PHP / MySQL不会INSERT和回应它应该吗？

Question

What the following script does (or should do):

• Connects to DB
• Includes a function for creating a 5 digit code
• User enters their email address
• Checks if it's a valid email
• Inserts the email into the 'email' column
• Checks if email already exists, if so, let the user know and break script
• Runs the function for creating a 5 digit code
• Checks the 'unique_code' column if it already exists, if so, loop from 5 digit code creation function
• If all is valid, hide the form and display the (ajax from a separate JS) thank you div
• Display the unique code to the user

Everything runs, however the unique_code is not inserted into the DB and is not displayed when it does "Thank you! ".

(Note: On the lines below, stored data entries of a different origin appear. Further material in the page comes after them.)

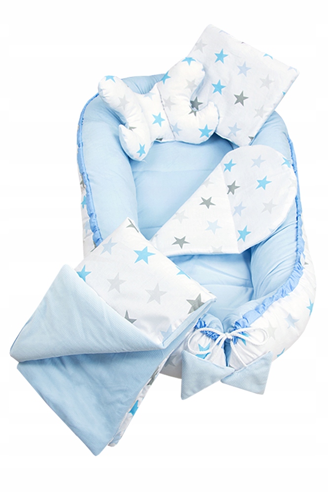 Кокон виготовлено з безпечних матеріалів найвищої якості. Набір двосторонній. Одна сторона виготовлена зі 100% бавовняної тканини, інша – з приємного на дотик теплого оксамиту.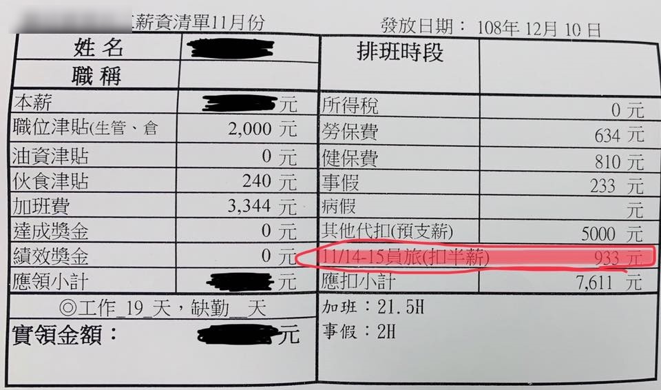 女網友10日在臉書「爆廢公社公開版」貼出自己上個月的薪資單,她指出,11月14日和15日(週四、週五)是員工旅遊,她也去參加了,沒想到卻被公司扣了半薪(933元),讓她相當疑惑,質疑根本就不符合勞工局的規定。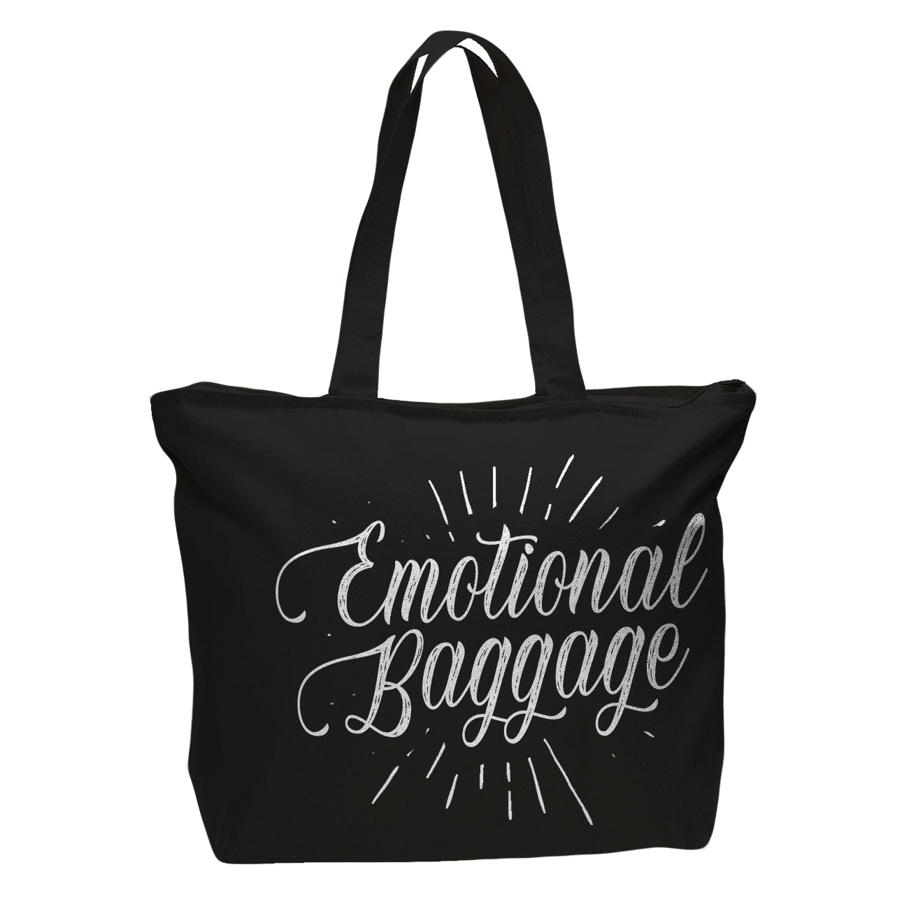 Made from 12oz. soft and sturdy cotton canvas. Measures approximately 20 inches wide, 15 inches tall, and with a 5 inch bottom gusset for ample storage capacity. The handles are about 23 inches long making for a 10 inch drop. It has a zipper on the main compartment as well as a small zippered interior pocket for small valuables.
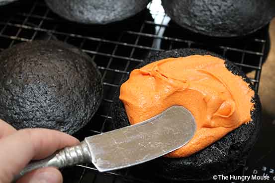 (Trust me on this. Warm cake + filling = a gooey, runny mess. It’s a horror show totally befitting Halloween…but way less fun to clean up after.)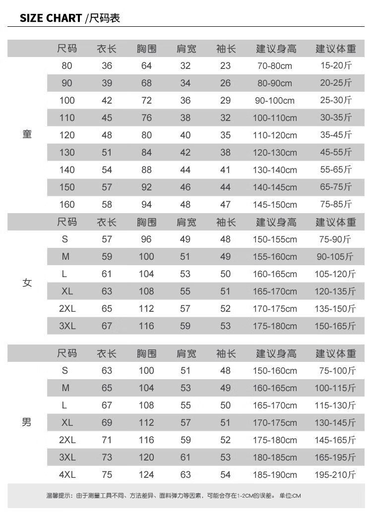 China (cm) 160-165/84-86 165-170 / 88-90 167-172 / 92-96 168-173 / 98-102 170-176 / 106-110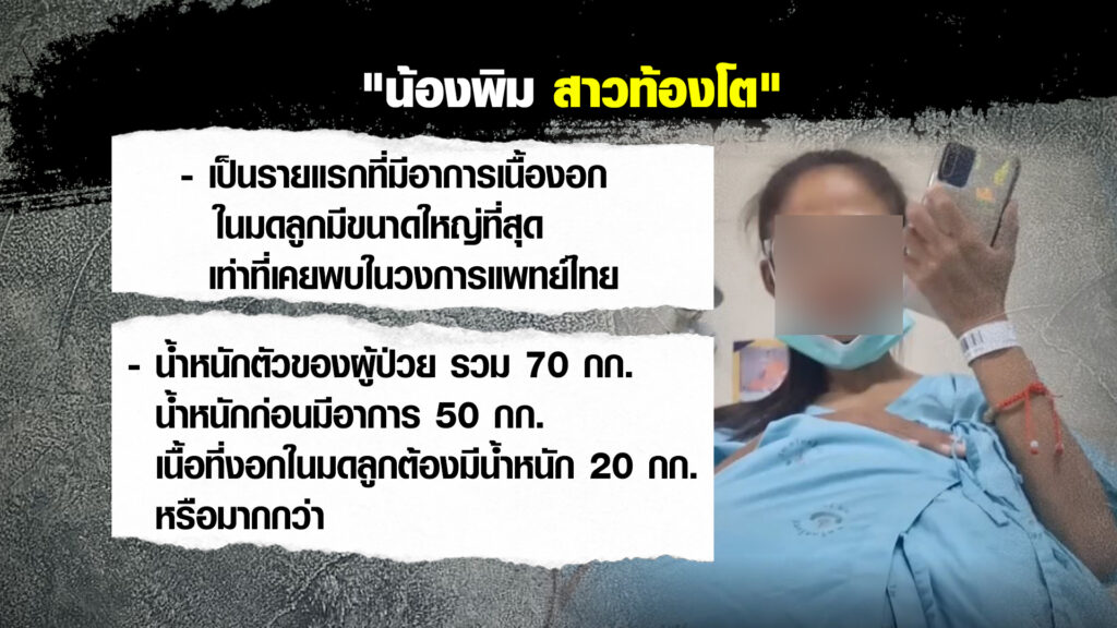 สำหรับการรักษาน้องพิม สาว สปป ลาว ท้องโต ถือได้ว่าเป็นรายแรกที่มีอาการเนื้องอกในมดลูกที่มีขนาดใหญ่ที่สุดเท่าที่เคยพบในวงการแพทย์ไทย เนื่องจากน้ำหนักตัวของผู้ป่วยมีน้ำหนักรวม 70 กิโลกรัม ซึ่งน้ำหนักก่อนมีอาการหนักเพียง 50 กิโลกรัม เท่ากับว่าเนื้อที่งอกในมดลูกต้องมีน้ำหนัก 20 กิโลกรัม หรือมากกว่า ซึ่งทางคณะแพทย์โรงพยาบาลศรีนครินทร์ จะผ่าตัดเอาเนื้องอกออก และวินิจฉัยโรค วันที่ 25 กรกฎาคมนี้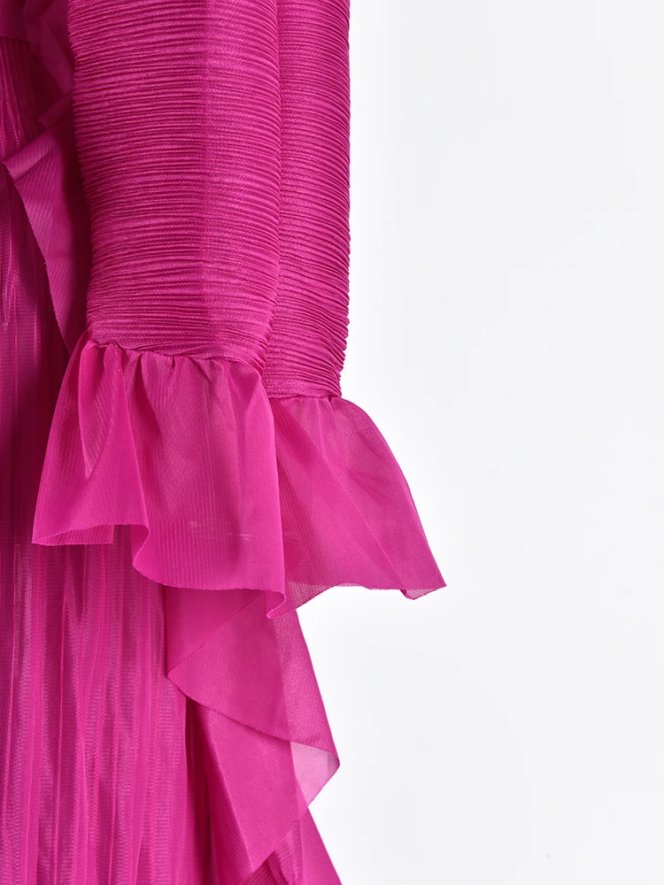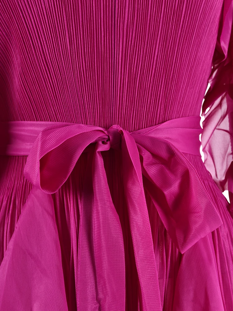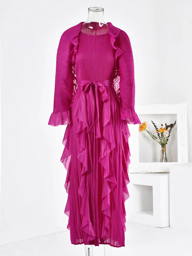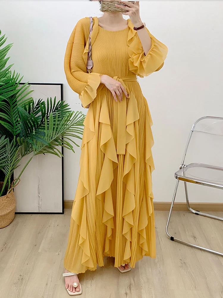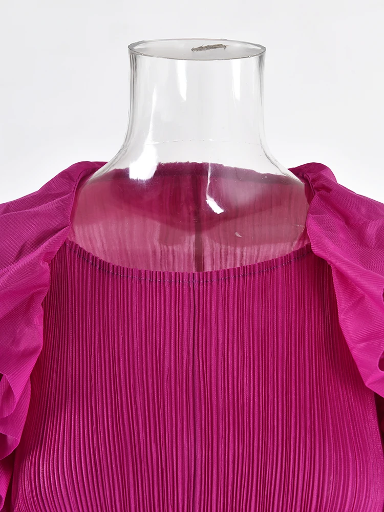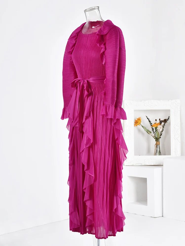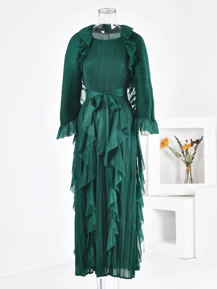 Introducing our newest addition to the LANMREM Fashion collection - the Ruffles Pleated Dress! This dress is designed for the modern woman, featuring a round neck, flare sleeves, and a solid maxi length for a flattering silhouette. The dress also comes with a belt to accentuate your waistline. Made with high-quality materials, this dress is perfect for any party or autumn occasion. Available in one size, with measurements of 135cm in length, 90-118cm in bust, 50cm in sleeve, and 40cm in shoulder. Please note that there may be a slight color variation due to different computer displays. Our products are advertised in ASIAN sizes, which are 1-2 sizes smaller than European and American sizes. Please allow for a 1-3cm error due to manual measurement. Upgrade your wardrobe with our LANMREM Fashion Ruffles Pleated Dress and stand out from the crowd! Limited time only, get yours today!

What am I doing wrong and what needs to be modified?

Thank you!

Code

    <?php

    require "includes/connect.php";

    function generateCode($length = 5) {

    $characters = 'bcdfghjkmnpqrstvwxyz';

    $string = '';
    for ($i = 0; $i < $length; $i++) {
        $string .= $characters[rand(0, strlen($characters) - 1)];
    }

    return $string;

}


$msg = '';

if($_POST['email']){

    // Requested with AJAX:
    $ajax = ($_SERVER['HTTP_X_REQUESTED_WITH']  == 'XMLHttpRequest');

    try{
        //validate email
        if(!filter_input(INPUT_POST,'email',FILTER_VALIDATE_EMAIL)){
            throw new Exception('Invalid Email!');
        }

        //insert email
        $mysqli->query("INSERT INTO coming_soon_emails
                        SET email='".$mysqli->real_escape_string($_POST['email'])."'");

        //if already exists in email column
        if($mysqli->affected_rows != 1){
            throw new Exception('You are already on the notification list.');
        }

        if($ajax){
            die('{"status":1}');
        }

        //start creating unique 5 digit code
        $unique_code = "";
        $inserted = false;

        // Keep looping until we've inserted a record
        while(!$inserted) {

        // Generate a code
        $unique_code = generateCode();

        // Check if it exists
        if ($result = $mysqli->query("SELECT unique_code FROM coming_soon_emails WHERE unique_code = '$unique_code'")) {

        // Check no record exists
        if ($result->num_rows == 0) {

            // Create new record
            $mysqli->query("INSERT INTO coming_soon_emails (email,unique_code) VALUES ('" . $mysqli->real_escape_string($_POST['email']) . "','$unique_code')");

            // Set inserted to true to ext loop
            $inserted = true;

            // Close the result object
            $result->close();

        }
        } else {

        // Quit if we can't check the database
        die('Something went wrong with select');
    }   
}

    }

    catch (Exception $e){

        if($ajax){
            die(json_encode(array('error'=>$e->getMessage())));
        }

        $msg = $e->getMessage();        
    }
}
?>


<!DOCTYPE html>
<html>
<head>
<meta http-equiv="Content-Type" content="text/html; charset=utf-8" />
<title>example</title>

<link rel="stylesheet" type="text/css" href="css/styles.css" />

</head>

<body>

<div id="container">

    <form id="form" method="post" action="">
        <input type="text" id="email" name="email" value="<?php echo $msg?>" />
        <input type="submit" value="Submit" id="submitButton" />
    </form>

    <div id="thankyou">
    Thank you! <?php echo $unique_code;?></p>
    </div>


</div>
<script src="http://ajax.googleapis.com/ajax/libs/jquery/1.4.3/jquery.min.js"></script>
<script src="js/script.js"></script>
</body>
</html>

Answer 1

您似乎在类定义之外使用private关键字，这是不允许的。

Answer 2

Do you have a primary key on 'email' in the coming_soon_emails table? Since you've already inserted one entry for the given email address, that would keep you from inserting a second entry with the unique value.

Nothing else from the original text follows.